- **TASK TO CARRY OUT**
Print exactly the lines that run from the opening line of the material through the line with "This wonderful home", and nothing else, leaving out pictures.

- **SUPPLIED MATERIAL**
+++

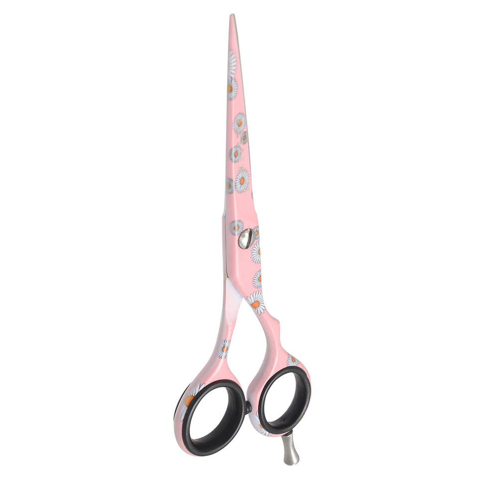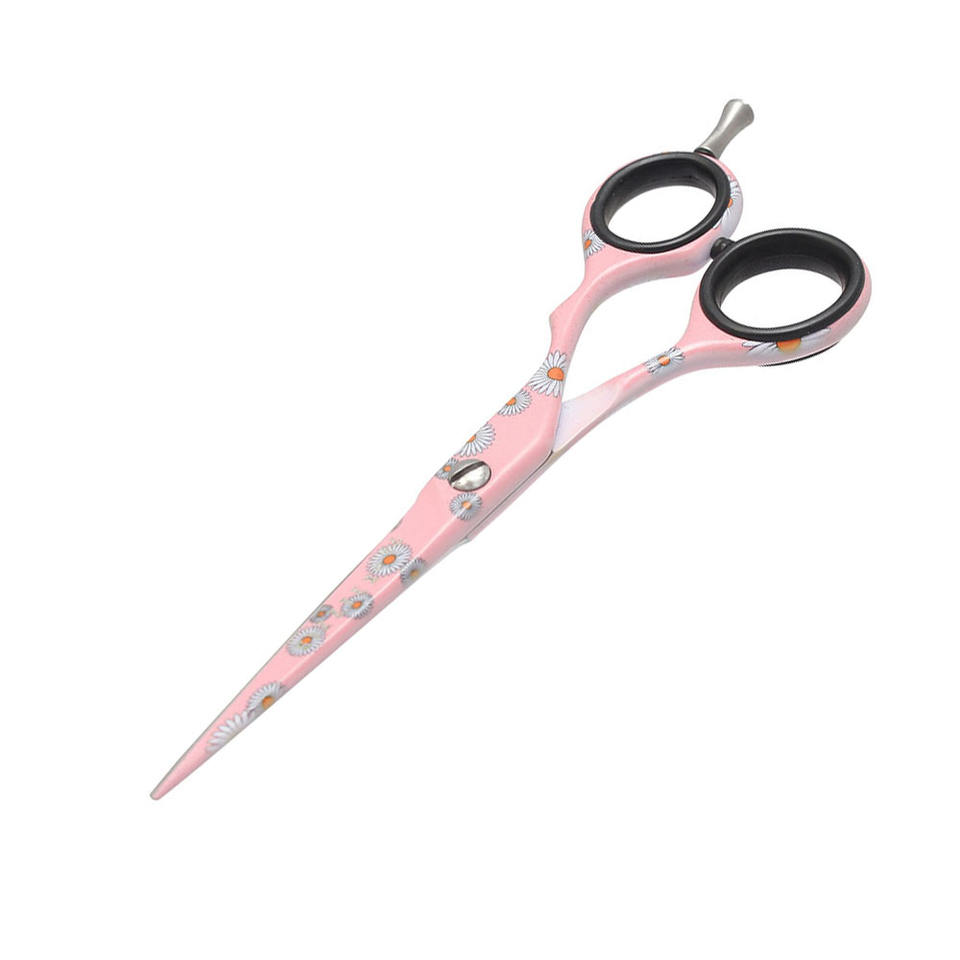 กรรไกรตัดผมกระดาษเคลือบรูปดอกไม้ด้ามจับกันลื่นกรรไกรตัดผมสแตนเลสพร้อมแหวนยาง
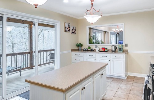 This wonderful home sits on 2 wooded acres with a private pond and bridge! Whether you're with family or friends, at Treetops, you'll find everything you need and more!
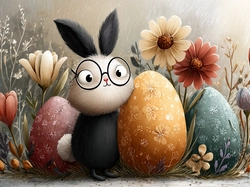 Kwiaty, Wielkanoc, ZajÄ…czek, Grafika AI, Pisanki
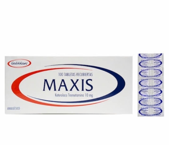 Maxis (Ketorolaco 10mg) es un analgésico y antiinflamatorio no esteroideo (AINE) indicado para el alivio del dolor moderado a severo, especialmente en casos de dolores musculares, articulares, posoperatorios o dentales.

+++

- **RESPONSE BOX**
 กรรไกรตัดผมกระดาษเคลือบรูปดอกไม้ด้ามจับกันลื่นกรรไกรตัดผมสแตนเลสพร้อมแหวนยาง
 This wonderful home sits on 2 wooded acres with a private pond and bridge! Whether you're with family or friends, at Treetops, you'll find everything you need and more!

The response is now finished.